Critics note that snakes aren’t really much of a menace. Each year, between 7,000 and 8,000 Americans are bit by venomous snakes, the Centers for Disease Control says, and about 6 die. Four times more people were killed in lightning strikes in 2015.
David Steen, a wildlife biologist who specializes in amphibians and reptiles at Auburn University, said rattlesnake bite victims include exterminators, drunk people and others who somehow mess with snakes.
“If you don’t do any of those things, the risks of getting bitten by a snake are really low. What does a snake have to gain by attacking you? It’s not going to try to eat you,” Steen said. “If we respect their place in the environment and also respect their space, then I think we can live alongside them with no problem at all.”
It’s unclear, too, whether snakes pose a threat to livestock. While snake venom typically can’t kill a large animal, bites to a cow’s or horse’s muzzle can cause swelling that can lead to suffocation, according to the website Progressive Cattleman. But the U.S. Department of Agriculture’s most recent reports on cattle deaths does not indicate any were felled by snake bites, though it’s possible they were counted as deaths caused by “unknown predators.”
There’s no question, however, that the roundup is a crucial money-maker in a town where there’s not much else going on. An analysis found that last year’s event pumped $8.4 million to the local economy, and the Jaycees use the profits for community projects, including feeding people on Thanksgiving.
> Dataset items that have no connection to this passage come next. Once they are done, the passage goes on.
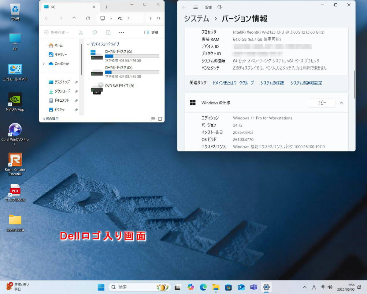 スペック OS ; Windows11 Pro for Workstations 24H2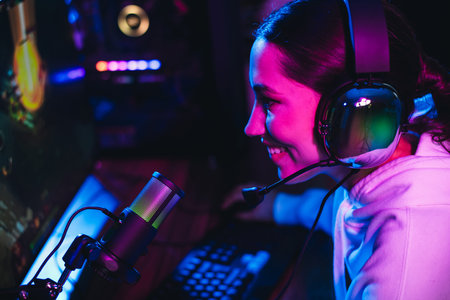 Streamer beautiful girl professional gamer smile playing online games computer with headphones, neon color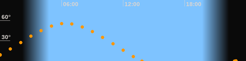 Höchster Stand (Kulmination)06:23 Uhr (h = 55.6°)

Backers also argue that the roundup — unlike some in the southeast, where the quarry is a dwindling population of Eastern diamondbacks — is only controlling snake numbers, not decimating them.
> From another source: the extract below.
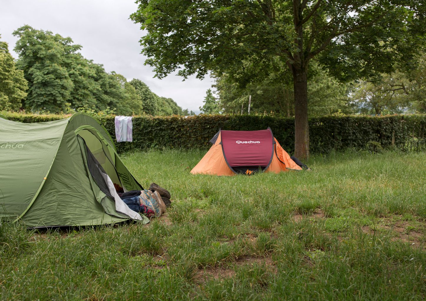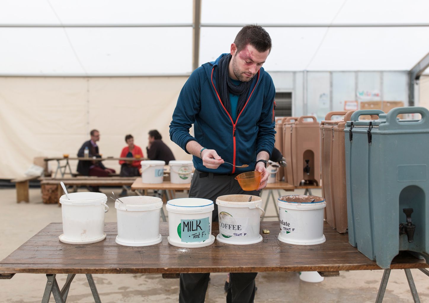 In einem weissen Zelt reihen sich zwei Schlangen vor zwei hölzernen Tischen. Dort walten einige Pilger ihres «Ämtlis» und verteilen Brot und Butter aus grossen Plastikboxen. Konfitüre ist schon alle. Zum Brotstreichen gibt es einen Löffel, zum Trinken heisses Wasser, das man nach Belieben mit Tee-, Kaffee-, Schokoladen- oder Milchpulver anreichern kann. Tische gibt’s fast keine, dafür unzählige Holzbänke. Das Frühstück erweist sich als echte Herausforderung. Die Bank wackelt, und so giesse ich mir die Brühe, die eine heisse Schokolade sein sollte, über die Finger. Wenigstens war das mit dem Heiss ein leeres Versprechen. Und auch beim Butterstreichen mit Löffel bekommen meine Finger definitiv mehr ab als mein Brötchen.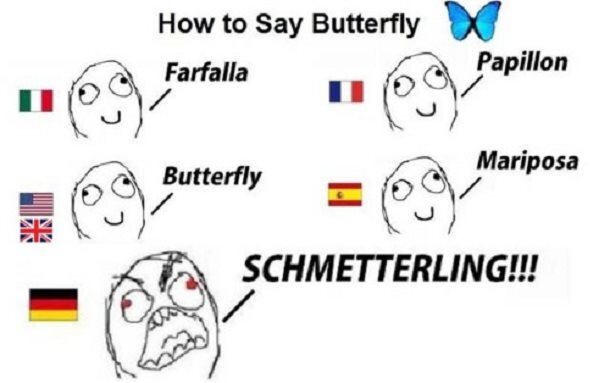 Раз уж зашла речь о насекомых, поговорим о милых бабочках. Оказывается, слова англ. butterfly и нем. Schmetterling практически однокоренные. Сейчас поясню за этимологию и расскажу, откуда в бабочке масло (butter). На первый взгляд в словах ничего общего. Но оба они во ходят ко временам суеверий и охоты на ведьм. По одному из поверий ведьмы могли принимать облик бабочек, когда отправлялись

“We’re not cutting the population any,” Rob McCann, a Jaycee spokesman, told the Midland paper. “I’ve been hunting the same dens for 25 years — the exact same dens. I get from 10 to 20 every year from the same dens.”
The method used to gather those snakes may ultimately spell the end to the Sweetwater roundup. Hunters typically fill a garden sprayer with gasoline, then pump gas or its fumes into caves and crevices in rocks where snakes spend time, forcing them out. But the Texas Parks and Wildlife Department is considering banning that process, as several other states have done, amid real concerns it is toxic to the environment and lots of other wildlife, some of it protected.
Rural lawmakers have said they’d fight a ban. Supporters have filed letters in support of gassing, many arguing that the roundup will be doomed without it.
“It would be a devastating blow to us,” David Sager, a snake handler at the roundup and a member of the Jaycees, told the New York Times in 2014. “The rattlesnake roundup is our ways and means.”
Whatever happens, the department said in January, “there are no studies suggesting that rattlesnakes will become overabundant in the absence of this means of collection.”